EXERCISE DESCRIPTION:
Once the pictures are removed, restate the data below word for word.

STORED DATA:

=== Section Start ===

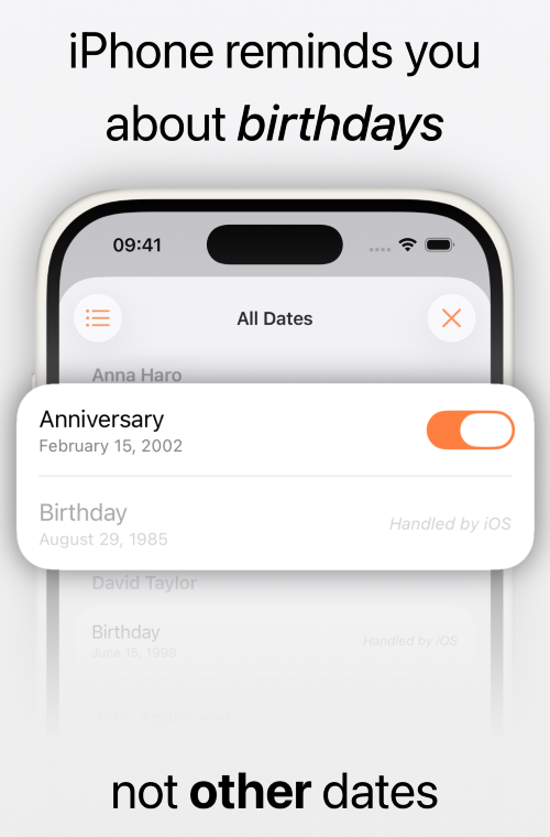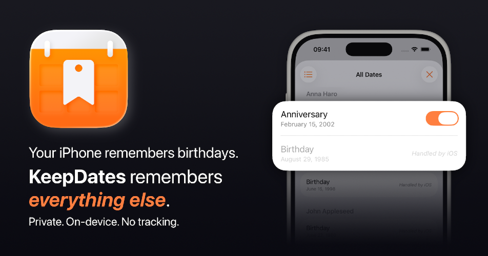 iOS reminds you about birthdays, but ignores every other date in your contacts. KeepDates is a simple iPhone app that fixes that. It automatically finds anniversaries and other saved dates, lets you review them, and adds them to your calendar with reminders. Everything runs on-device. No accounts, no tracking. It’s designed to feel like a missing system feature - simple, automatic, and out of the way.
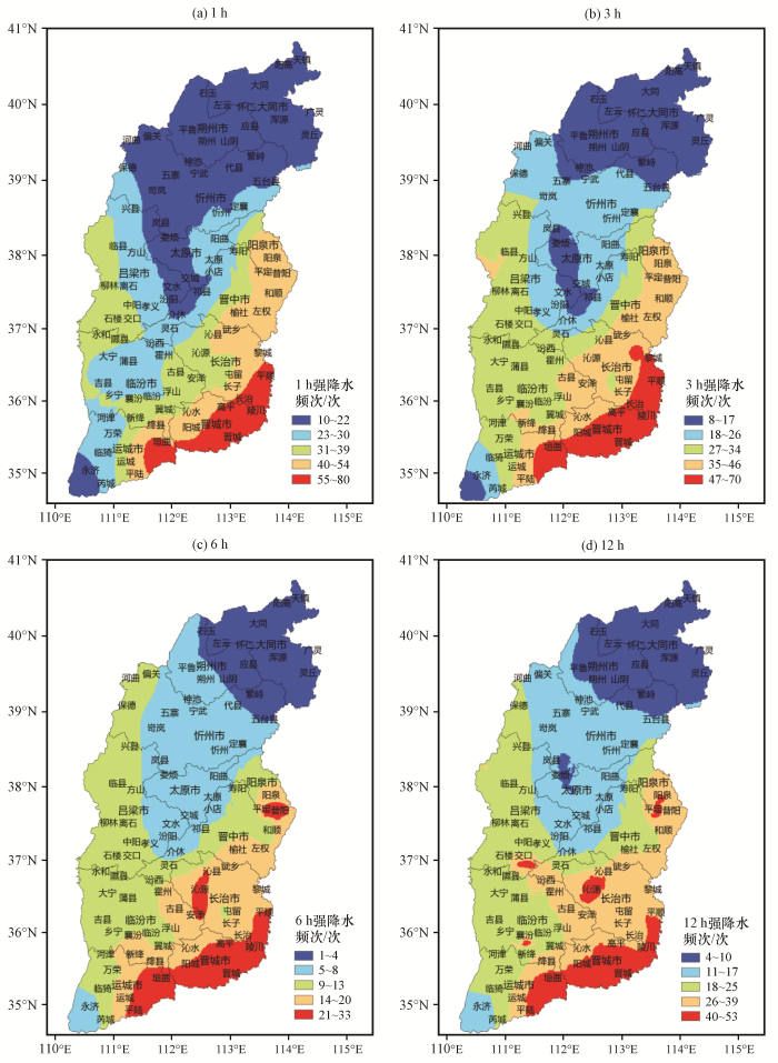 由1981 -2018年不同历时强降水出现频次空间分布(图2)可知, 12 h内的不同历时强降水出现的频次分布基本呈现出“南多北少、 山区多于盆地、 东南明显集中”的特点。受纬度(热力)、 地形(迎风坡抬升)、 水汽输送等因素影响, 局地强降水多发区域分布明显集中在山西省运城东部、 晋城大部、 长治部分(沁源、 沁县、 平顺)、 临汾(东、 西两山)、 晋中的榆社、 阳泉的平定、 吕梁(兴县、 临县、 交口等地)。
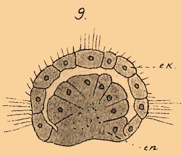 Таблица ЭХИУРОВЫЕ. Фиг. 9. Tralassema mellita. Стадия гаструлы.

=== Section End ===

OUTPUT BELOW:
 iOS reminds you about birthdays, but ignores every other date in your contacts. KeepDates is a simple iPhone app that fixes that. It automatically finds anniversaries and other saved dates, lets you review them, and adds them to your calendar with reminders. Everything runs on-device. No accounts, no tracking. It’s designed to feel like a missing system feature - simple, automatic, and out of the way.
 由1981 -2018年不同历时强降水出现频次空间分布(图2)可知, 12 h内的不同历时强降水出现的频次分布基本呈现出“南多北少、 山区多于盆地、 东南明显集中”的特点。受纬度(热力)、 地形(迎风坡抬升)、 水汽输送等因素影响, 局地强降水多发区域分布明显集中在山西省运城东部、 晋城大部、 长治部分(沁源、 沁县、 平顺)、 临汾(东、 西两山)、 晋中的榆社、 阳泉的平定、 吕梁(兴县、 临县、 交口等地)。
 Таблица ЭХИУРОВЫЕ. Фиг. 9. Tralassema mellita. Стадия гаструлы.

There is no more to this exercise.